Problem =>
Among the entries below, copy only the span from the line containing "New Style Men's" through the line containing "ツバキの真珠の細い腰のチェー". Do so exactly, and skip the pictures.

Input material =>
◆ ◆ ◆

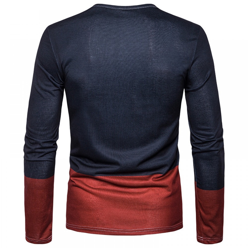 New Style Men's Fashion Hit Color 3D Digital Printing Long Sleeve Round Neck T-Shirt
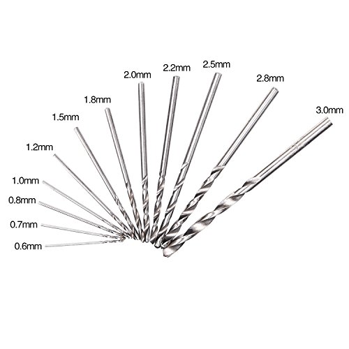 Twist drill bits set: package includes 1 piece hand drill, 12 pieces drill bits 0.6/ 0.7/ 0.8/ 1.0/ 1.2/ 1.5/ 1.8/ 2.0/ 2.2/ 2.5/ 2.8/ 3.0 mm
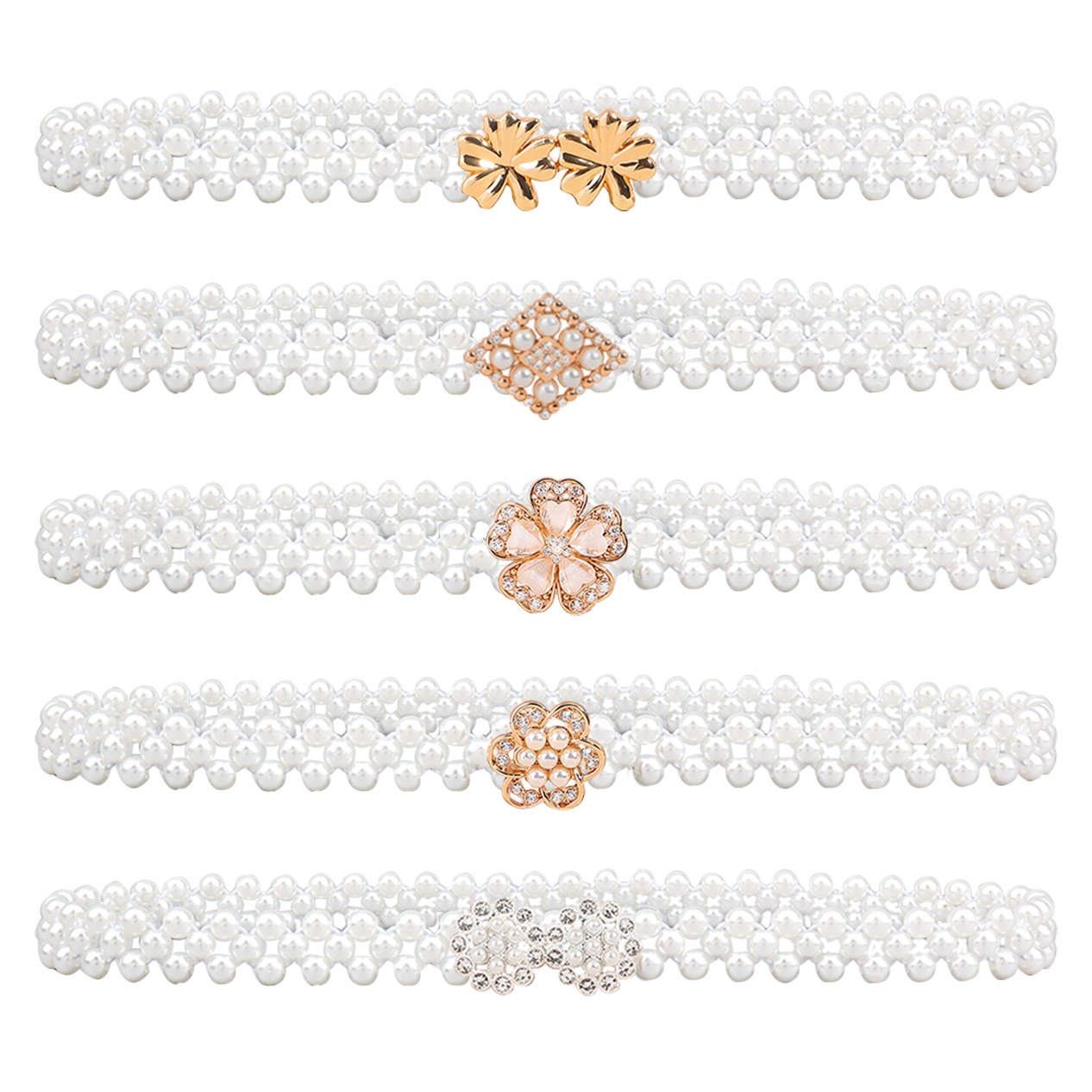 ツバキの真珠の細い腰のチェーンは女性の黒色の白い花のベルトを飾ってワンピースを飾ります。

◆ ◆ ◆

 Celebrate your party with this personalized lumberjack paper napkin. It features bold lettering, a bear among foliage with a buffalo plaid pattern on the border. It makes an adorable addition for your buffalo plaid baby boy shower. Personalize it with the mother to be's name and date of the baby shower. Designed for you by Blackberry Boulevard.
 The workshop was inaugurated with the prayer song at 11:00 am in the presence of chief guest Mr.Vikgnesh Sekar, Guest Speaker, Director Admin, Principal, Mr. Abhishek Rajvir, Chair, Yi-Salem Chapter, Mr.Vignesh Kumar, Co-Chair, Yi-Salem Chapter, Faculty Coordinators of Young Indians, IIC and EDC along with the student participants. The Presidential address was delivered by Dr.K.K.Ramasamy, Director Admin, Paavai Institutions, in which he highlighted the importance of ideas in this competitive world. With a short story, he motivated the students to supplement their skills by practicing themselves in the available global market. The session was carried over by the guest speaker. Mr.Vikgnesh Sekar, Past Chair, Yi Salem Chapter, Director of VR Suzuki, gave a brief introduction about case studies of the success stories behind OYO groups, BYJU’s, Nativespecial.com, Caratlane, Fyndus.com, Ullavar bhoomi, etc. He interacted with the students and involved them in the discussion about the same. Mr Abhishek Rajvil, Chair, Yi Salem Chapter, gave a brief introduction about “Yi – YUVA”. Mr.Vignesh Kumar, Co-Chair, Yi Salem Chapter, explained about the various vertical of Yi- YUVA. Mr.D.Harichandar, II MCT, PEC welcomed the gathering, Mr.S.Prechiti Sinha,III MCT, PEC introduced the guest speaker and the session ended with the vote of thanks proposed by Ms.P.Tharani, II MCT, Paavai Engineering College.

◆ ◆ ◆

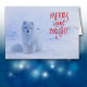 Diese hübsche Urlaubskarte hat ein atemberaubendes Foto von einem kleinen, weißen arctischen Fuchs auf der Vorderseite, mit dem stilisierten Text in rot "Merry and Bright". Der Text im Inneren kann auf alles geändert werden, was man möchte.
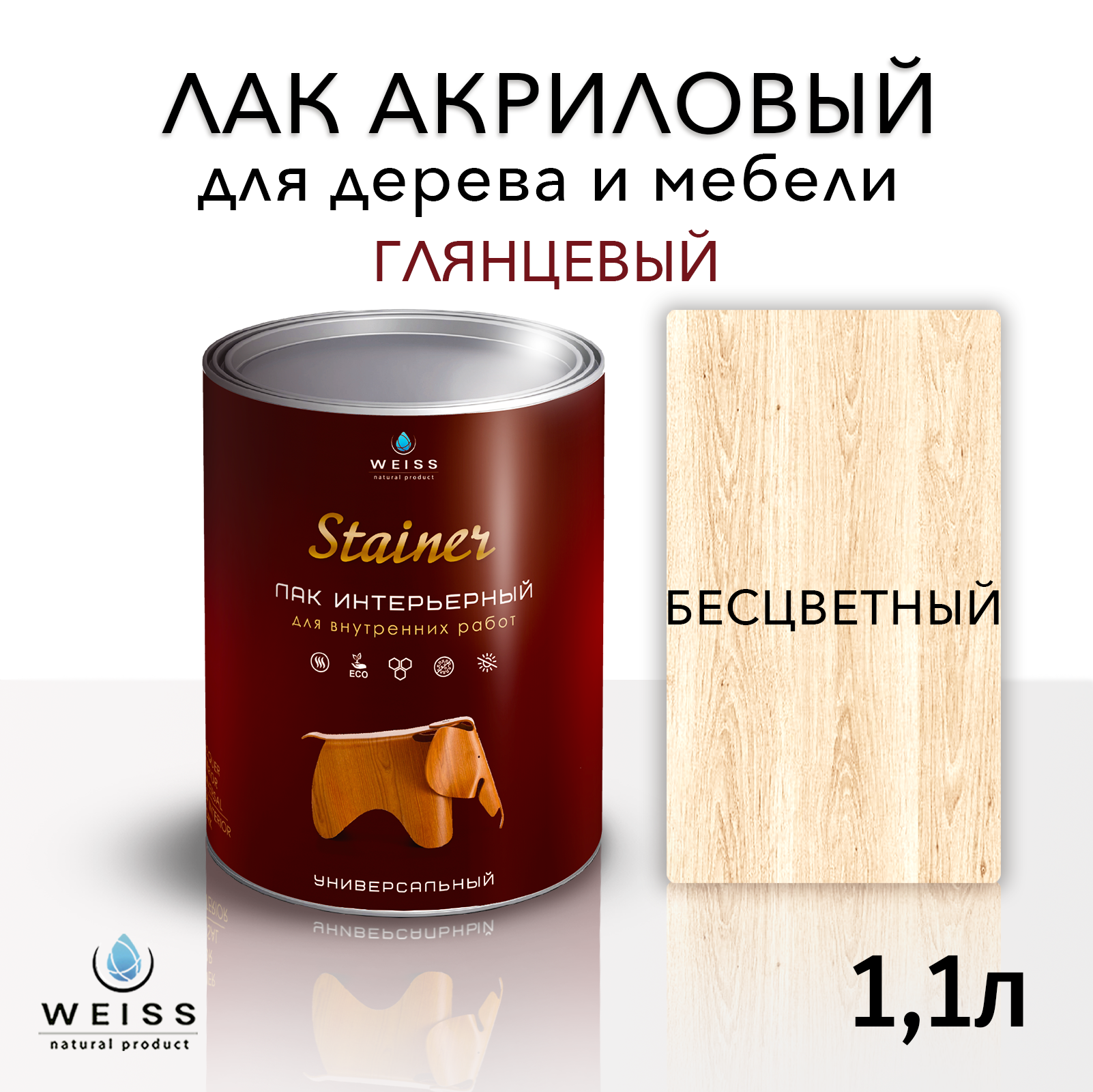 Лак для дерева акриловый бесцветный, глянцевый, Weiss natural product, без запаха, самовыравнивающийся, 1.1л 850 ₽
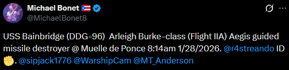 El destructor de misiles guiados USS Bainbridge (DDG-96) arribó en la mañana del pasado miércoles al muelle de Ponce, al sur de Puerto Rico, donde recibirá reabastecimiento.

◆ ◆ ◆

Task answer =>
 New Style Men's Fashion Hit Color 3D Digital Printing Long Sleeve Round Neck T-Shirt
 Twist drill bits set: package includes 1 piece hand drill, 12 pieces drill bits 0.6/ 0.7/ 0.8/ 1.0/ 1.2/ 1.5/ 1.8/ 2.0/ 2.2/ 2.5/ 2.8/ 3.0 mm
 ツバキの真珠の細い腰のチェーンは女性の黒色の白い花のベルトを飾ってワンピースを飾ります。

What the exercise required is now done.